The inclusion of TF risk in AML/CFT frameworks must go beyond box-ticking, said Guilbert. “The recommended practice is to include terrorist financing in the risk-related policies and procedures of the firm, such as in the risk appetite statement, self-assessment and client risk assessment. But it’s equally about describing the risks appropriately in light of the firm’s business model.”

A 2025 thematic review will target investment firms providing trust and corporate services, such as domiciliation and directorships—an area where risk is considered to be persistently high.

Patchy SAR reporting 

The CRF, Luxembourg’s 50-person financial intelligence unit, reported a 38 percent increase in suspicious activity and transaction reports (SARs/STRs) from investment firms in 2024. Notably, four firms accounted for nearly 40 percent of the filings—highlighting a patchy approach to reporting obligations.
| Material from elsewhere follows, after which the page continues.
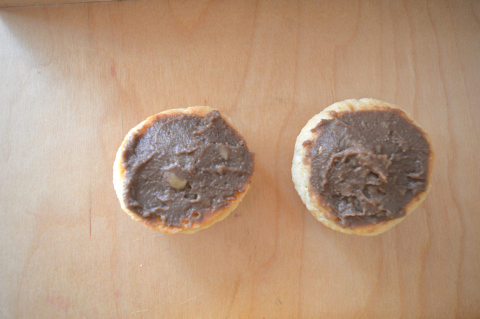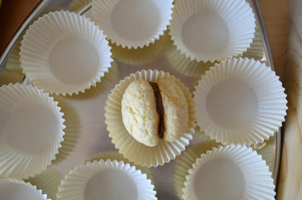 Sistemare i pirottini di carta su un vassoio e farcire internamente i due gusci con la crema

According to CRF officials speaking at the CSSF conference, the most common red flags included fabricated loans, forged documentation, and complex third-party involvement in transfers. Increasingly, artificial intelligence is being misused by criminals to create forged documents or scrape personal data for social engineering purposes.

EU reforms ahead 

Looking ahead, Vincent Renaud of the CSSF’s legal team outlined the changes coming under the European Union’s new AML/CFT framework. The package—comprising the AML Regulation (AMLR), AML Directive (AMLD6), and the AMLA Regulation—will bring a harmonised rulebook across all EU member states.

From 2028, the new Anti-Money Laundering Authority (AMLA), based in Frankfurt, will take over direct supervision of around forty high-risk entities in the EU. The CSSF expects that firms operating in six or more EU countries could fall under AMLA’s direct supervision.

Overlapping requirements

Luxembourg firms face a particular challenge in navigating overlapping national and EU-level requirements, Guilbert said. 

“As for each new EU piece of legislation, the challenge lays with the uncertainty in the end expectations,” she said. “The EU legislation is to be followed or accompanied by local laws and the local regulator’s requirements, which may gold-plate the provisions of that EU legislation and which may come in different stages in time.”

This is especially difficult for cross-border groups operating in multiple jurisdictions. Firms, she said, would appreciate clearer guidance on due diligence requirements, particularly to justify the collection of information from clients and internal stakeholders.

The EU regime will also introduce new obligations related to beneficial ownership transparency, sanctions compliance, and centralised registers for financial accounts and crypto assets.